Listed entries section start
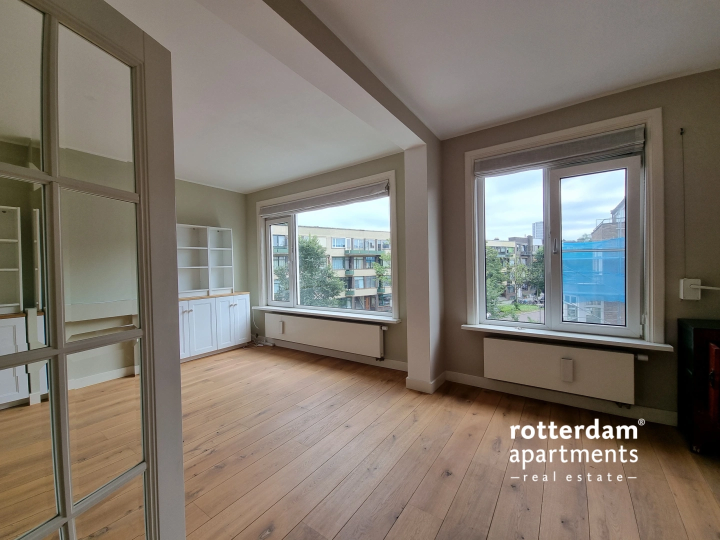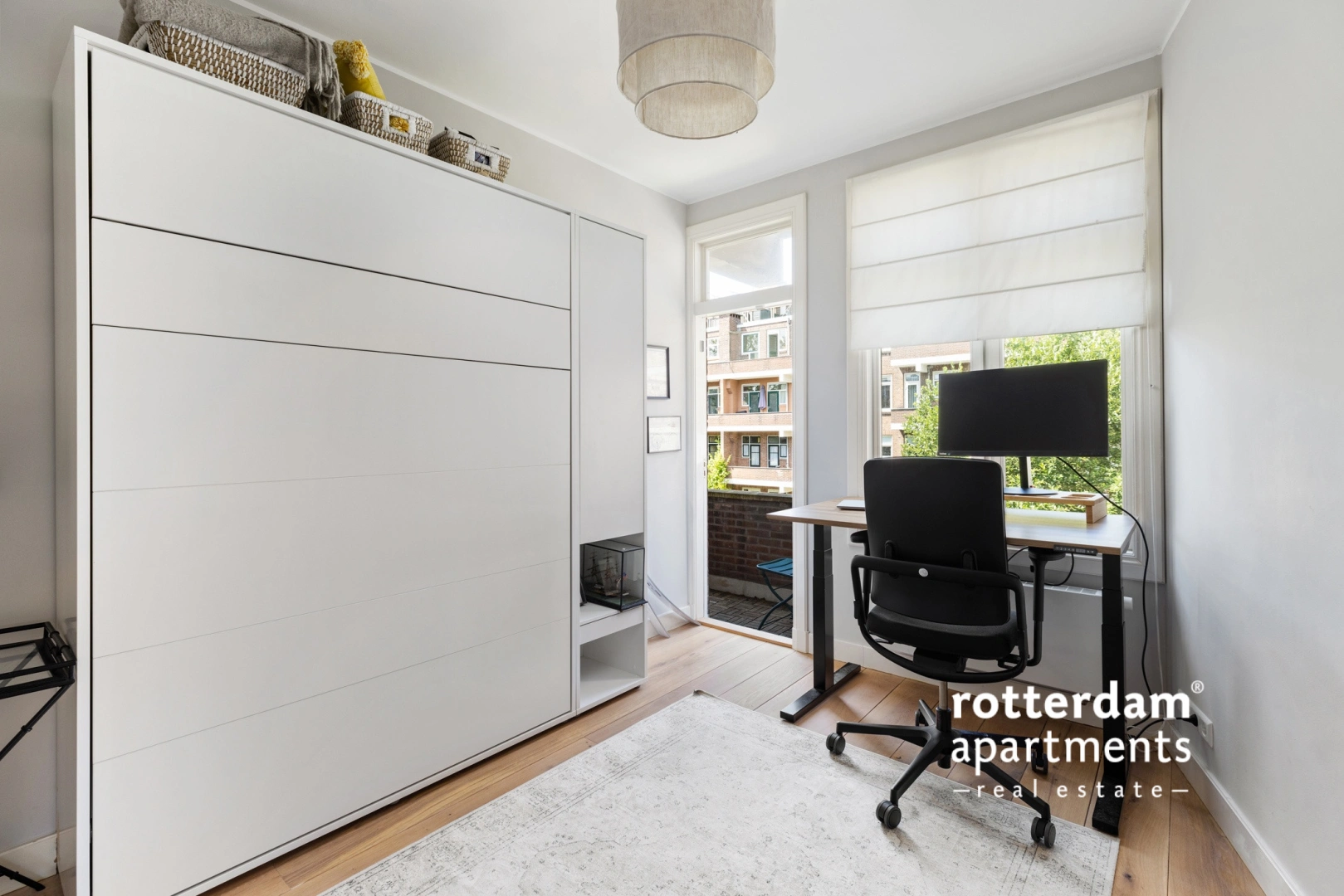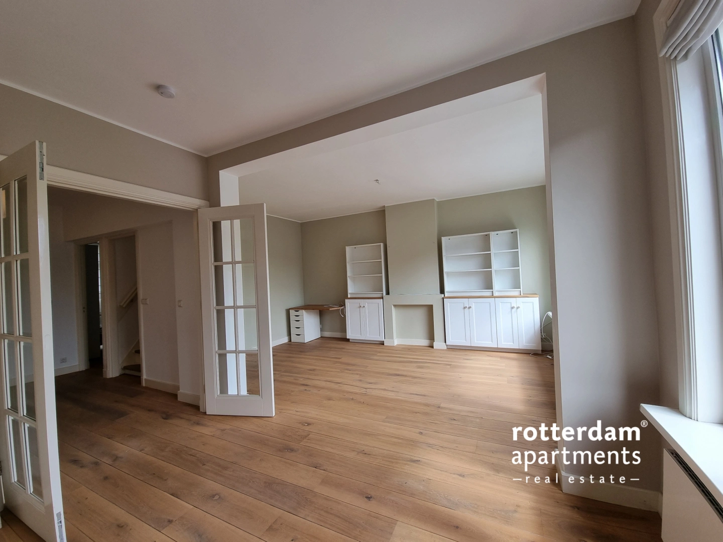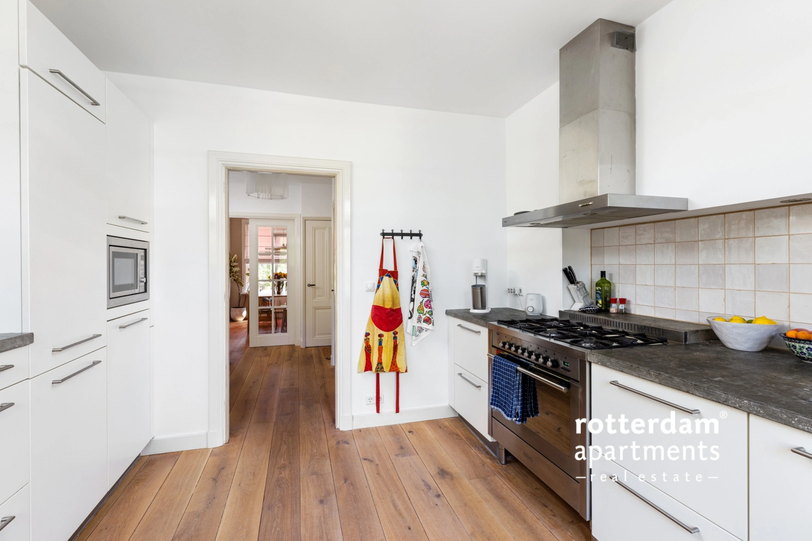 Entrance apartment; hall with access to all rooms, the stairs to the third floor, storage space, meter cupboard and toilet. The bright living room is divided into a dining and sitting area and is located at the front of the apartment. The spacious kitchen is equipped with various high end built-in appliances including a 6-burner gas hob with extractor, oven, refrigerator and dishwasher. The balcony is also accessible at the rear, suitable for a small table; Ideal for a cup of coffee or a snack on the balcony. Bedroom I has a built-in bed (140 x 200), so that the room can function as both a double bedroom and an office.
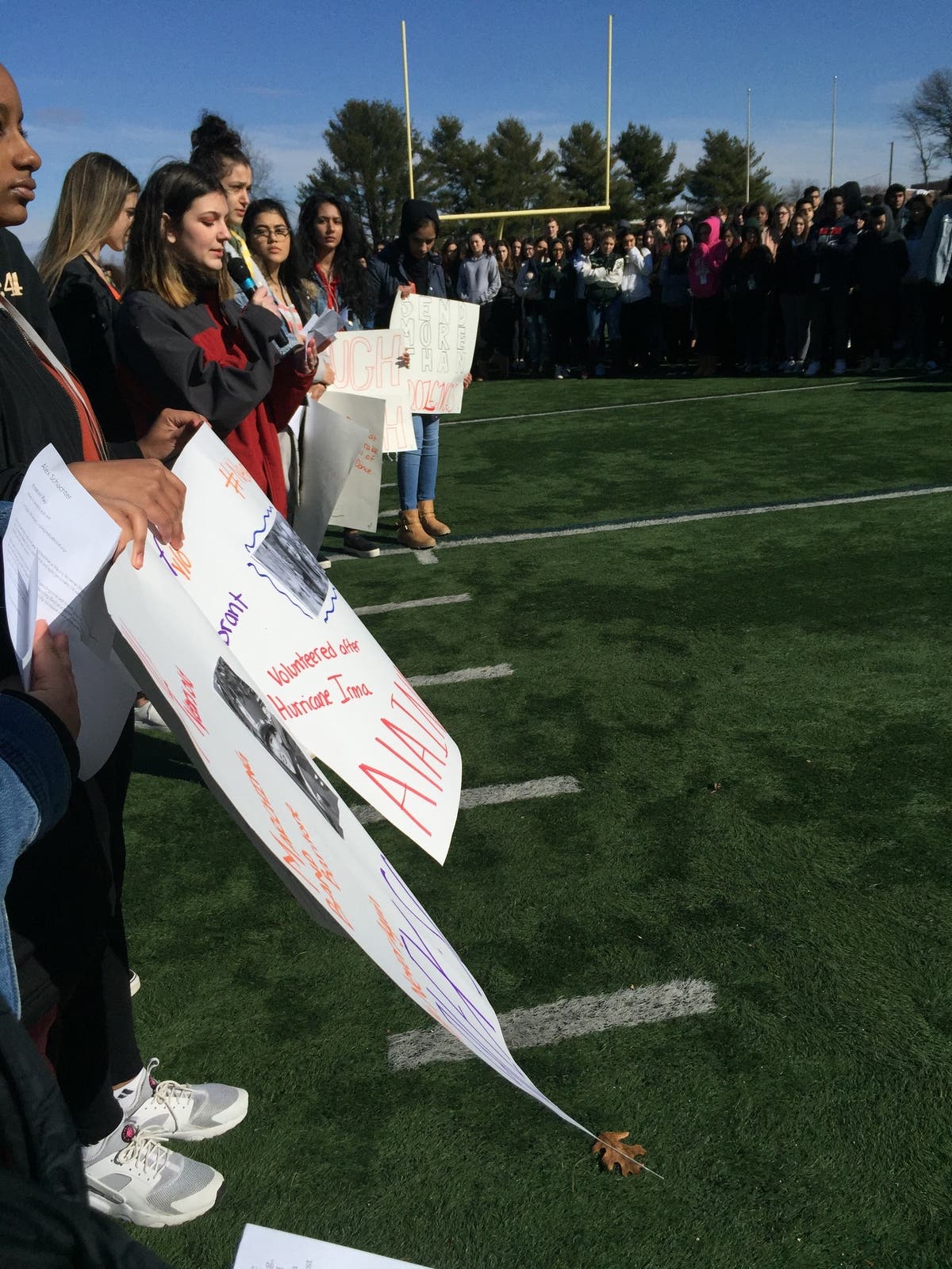 "Speeches were censored as well," Kohli said. "The process of the day was to bring in posters and speeches to our administrator's office in order for them to sign off on them. The administrators held onto them and we were told we’d receive them back when we met up on the football field during the walkout ... As I was given my speech back, nothing on mine was edited, but I saw other students arguing with administrators because whole paragraphs and sections of their speeches were entirely crossed out. One student was so upset he began to cry."
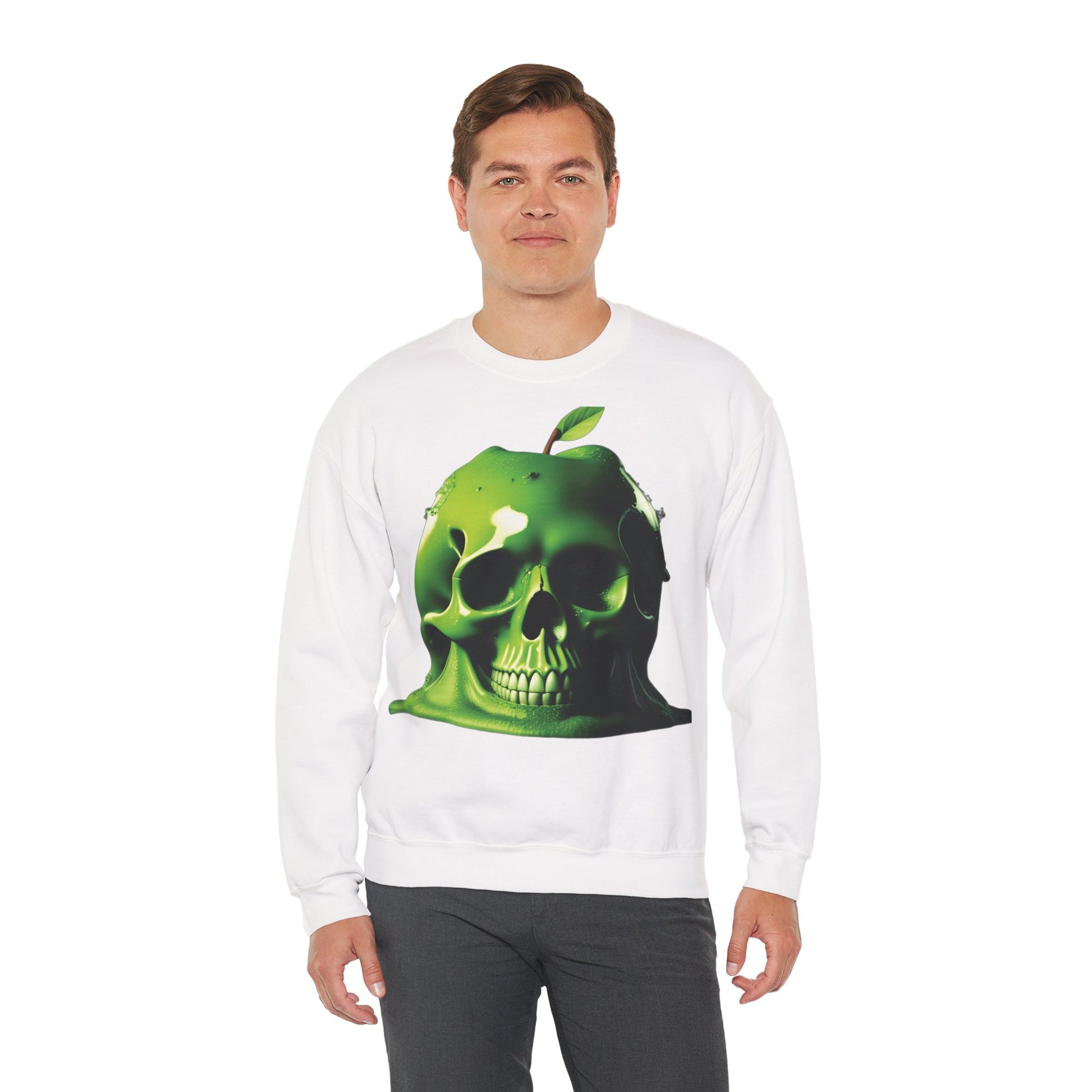 Acest sweatshirt crewneck îmbină confortul cu un design îndrăzneț, de inspirație botanică-întunecată — un măr verde lucios care se transformă subtil într-un craniu, imprimat pe un fundal alb curat. Are o croială clasică, ușor lejeră, care se poate purta cu ușurință peste tricouri sau sub jachete. Poartă-l atunci când vrei să transformi o plimbare prin oraș într-un moment puțin ciudat sau când ieșirile târzii la diner cer ceva în același timp moale și izbitor. Designul se citește ca o mică poveste pe pieptul tău: luminos, ușor sinistru și discret jucăuș. Cusăturile rezistente și gulerul rib stabilizator păstrează forma după multiple spălări, iar eticheta detașabilă și bumbacul obținut responsabil îl fac o alegere ușoară pentru purtarea zilnică.
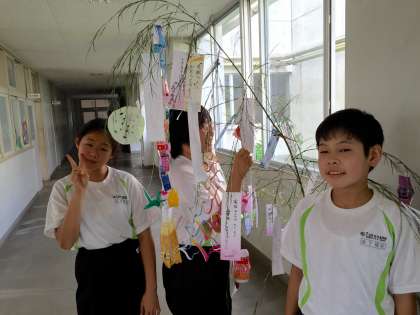 今日は七夕です。G組では、笹の葉に願い事を書いた短冊を飾りました。 (私も参加しました(^^))
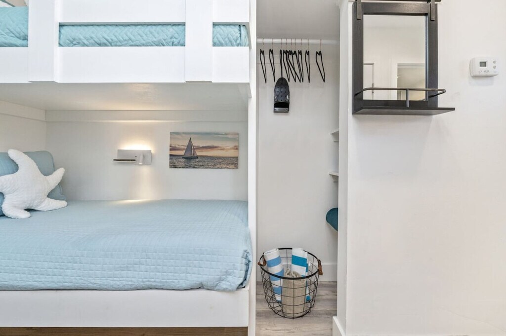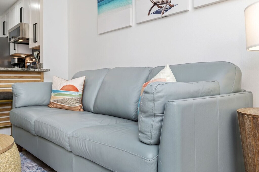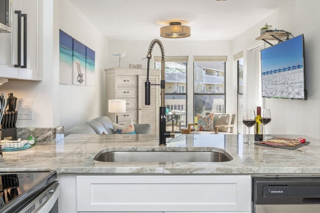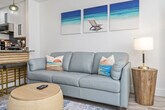 Come and feel at home in The Emerald Gem, a cozy 1-bedroom, 1-bath condo located in the gated community of Sandpiper Cove. This first-floor unit is just a few steps up from the parking lot, accessible by stairway only. This modern condo features a fully stocked kitchen with high-end granite countertops, a breakfast bar with seating for four, a fridge, dishwasher, range, microwave, dishes, cutlery, pots and pans, crock pot, blender, toaster, and griddle. There is a spa-like bathroom with an oversized tub and glass enclosure, as well as a washer and dryer in the unit. The living area includes a soft leather sofa that converts to a queen-size bed with a memory foam mattress. The intimate bedroom features a queen-size bed, and there are built-in twin bunks in the hallway. Beach service is included with the unit from March 1st to October 31st, providing one umbrella and two chairs. Pets are allowed, with a maximum of two dogs or cats 35lbs or less for a $50 fee. Located in the heart of Destin, this condo is in the exclusive gated community of Sandpiper Cove. Enjoy a short 4-minute walk to the beach with 1,100 feet of private access, or walk to nearby restaurants. Shopping and local attractions are just a quick drive away. Guests must be 25 years of age or older, excluding children of the booked guest. ID verification is required at the check-in gate upon arrival. Smoking is prohibited in the condo or on the balcony, and a $250 charge will be enforced for odor removal. [SI]
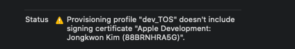 - "doesn't include signing certificate"... 라고 아래와 같이 뜨는 경우,
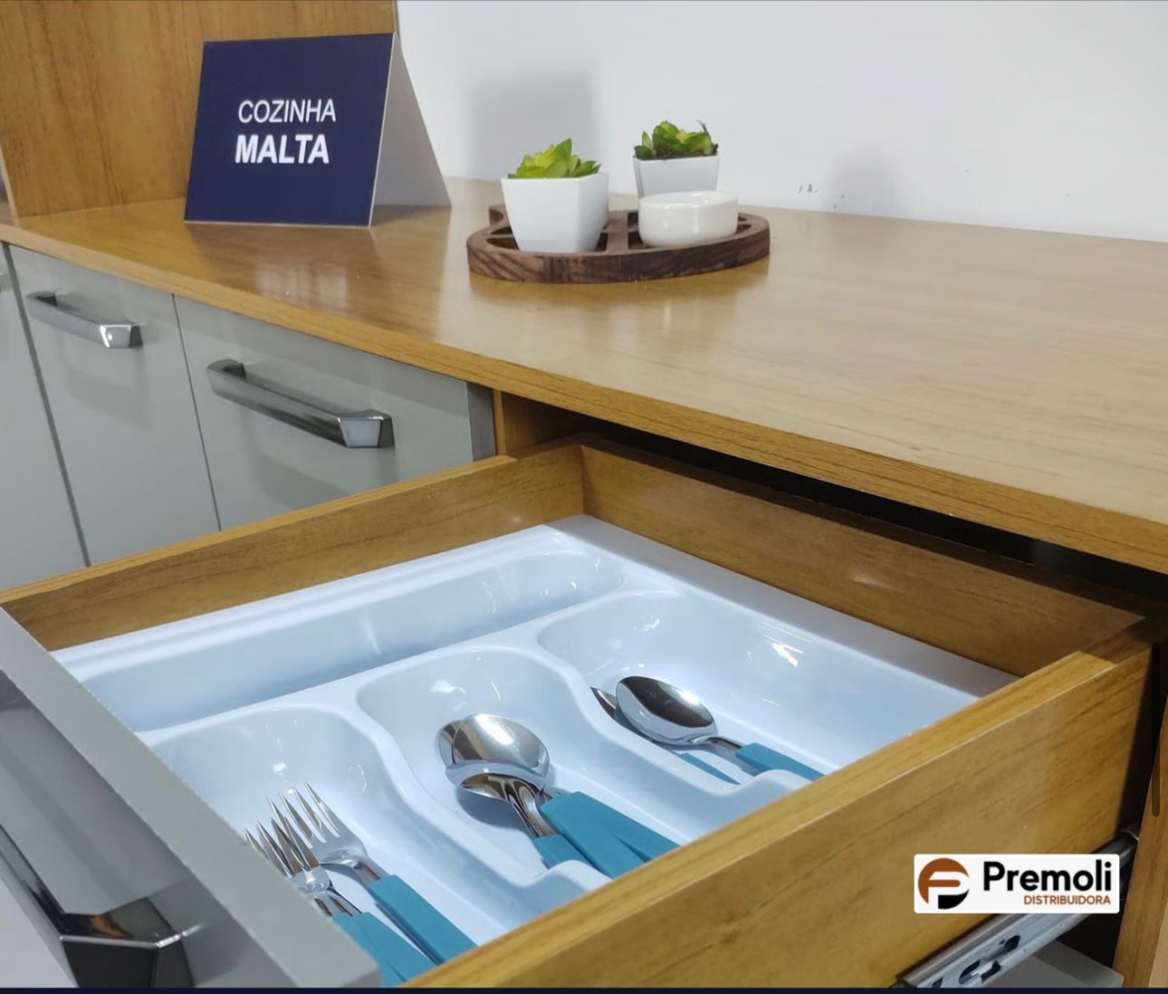Balcão 3 portas e 2 gavetas com corrediças telescópicas e divisor de talheres, oferecendo praticidade e organização no dia a dia. Conta com pés reguláveis, que permitem fácil nivelamento em qualquer superfície.
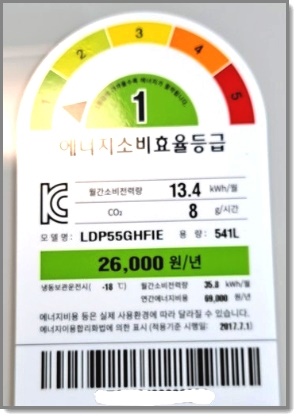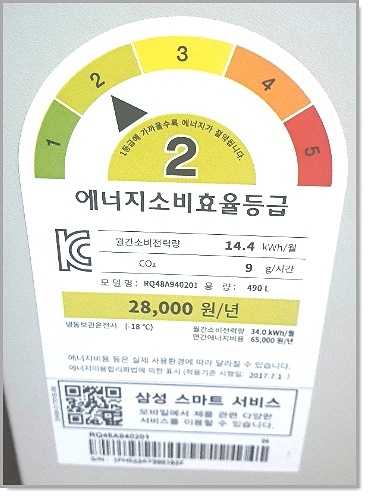 해당 라벨에는 각 가전제품의 연간 예상 전기요금과 이산화탄소 배출량 정보가 담겨있는데요
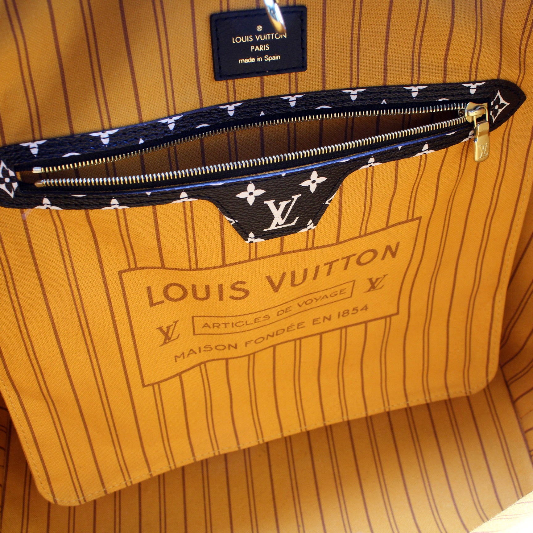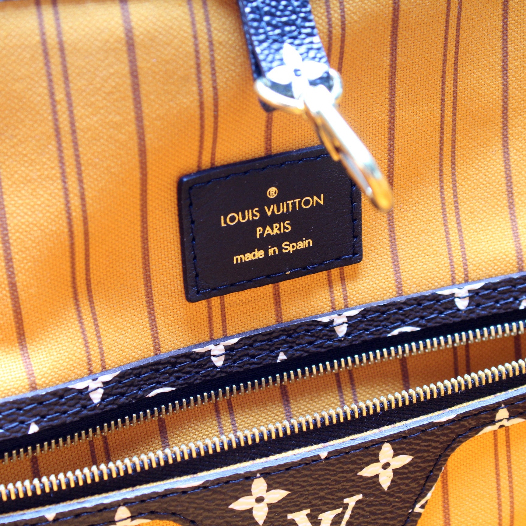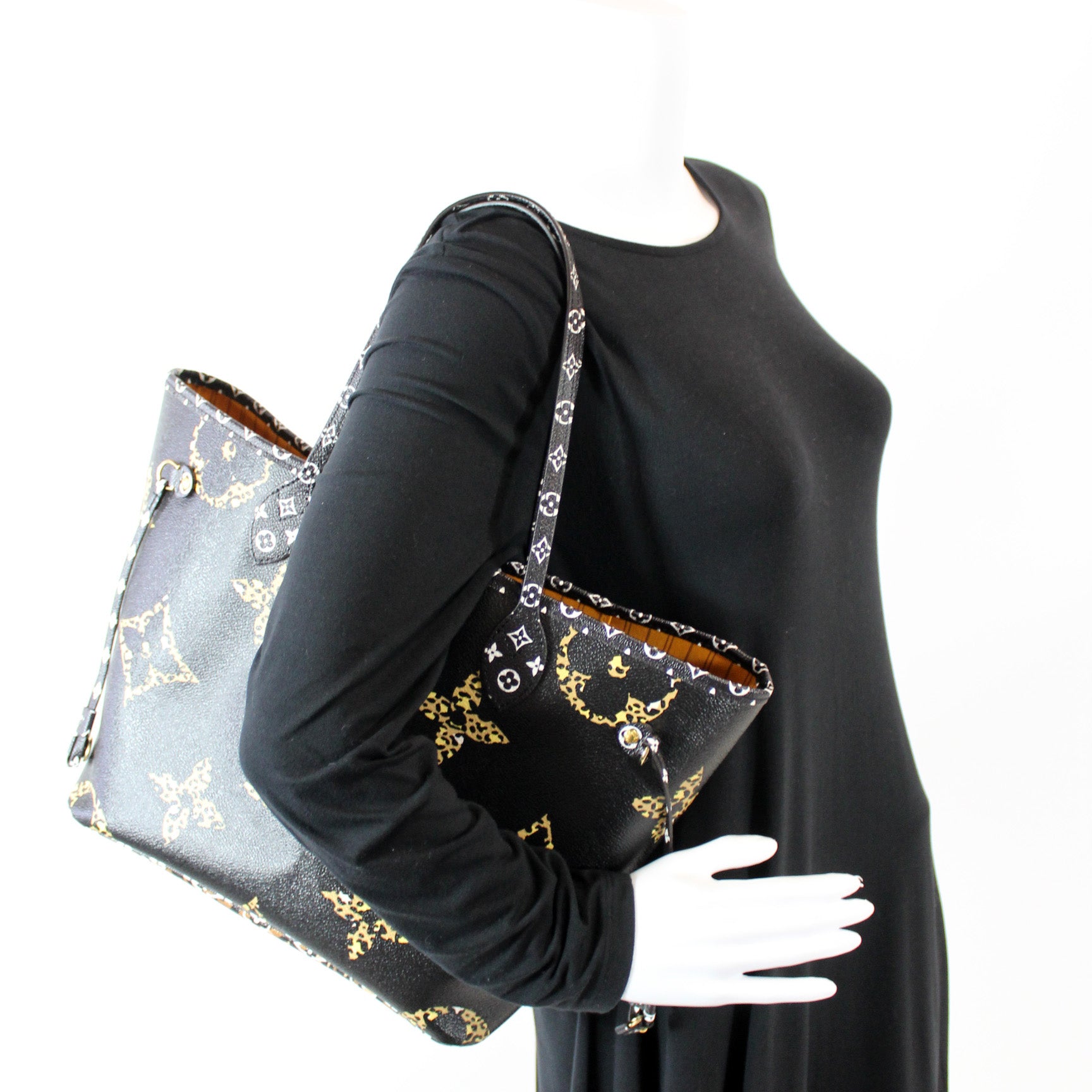 This pre-owned Louis Vuitton Neverfull MM W/ Wallet is guaranteed 100% authentic. The exterior is in the classic Louis Vuitton Jungle coated canvas.
Listed entries section end
Your objective: Reproduce exactly, with nothing added, the lines from the line with "Come and feel" through the end of the entries above; pictures are to be left out.

Written solution:
 Come and feel at home in The Emerald Gem, a cozy 1-bedroom, 1-bath condo located in the gated community of Sandpiper Cove. This first-floor unit is just a few steps up from the parking lot, accessible by stairway only. This modern condo features a fully stocked kitchen with high-end granite countertops, a breakfast bar with seating for four, a fridge, dishwasher, range, microwave, dishes, cutlery, pots and pans, crock pot, blender, toaster, and griddle. There is a spa-like bathroom with an oversized tub and glass enclosure, as well as a washer and dryer in the unit. The living area includes a soft leather sofa that converts to a queen-size bed with a memory foam mattress. The intimate bedroom features a queen-size bed, and there are built-in twin bunks in the hallway. Beach service is included with the unit from March 1st to October 31st, providing one umbrella and two chairs. Pets are allowed, with a maximum of two dogs or cats 35lbs or less for a $50 fee. Located in the heart of Destin, this condo is in the exclusive gated community of Sandpiper Cove. Enjoy a short 4-minute walk to the beach with 1,100 feet of private access, or walk to nearby restaurants. Shopping and local attractions are just a quick drive away. Guests must be 25 years of age or older, excluding children of the booked guest. ID verification is required at the check-in gate upon arrival. Smoking is prohibited in the condo or on the balcony, and a $250 charge will be enforced for odor removal. [SI]
 - "doesn't include signing certificate"... 라고 아래와 같이 뜨는 경우,
Balcão 3 portas e 2 gavetas com corrediças telescópicas e divisor de talheres, oferecendo praticidade e organização no dia a dia. Conta com pés reguláveis, que permitem fácil nivelamento em qualquer superfície.
 해당 라벨에는 각 가전제품의 연간 예상 전기요금과 이산화탄소 배출량 정보가 담겨있는데요
 This pre-owned Louis Vuitton Neverfull MM W/ Wallet is guaranteed 100% authentic. The exterior is in the classic Louis Vuitton Jungle coated canvas.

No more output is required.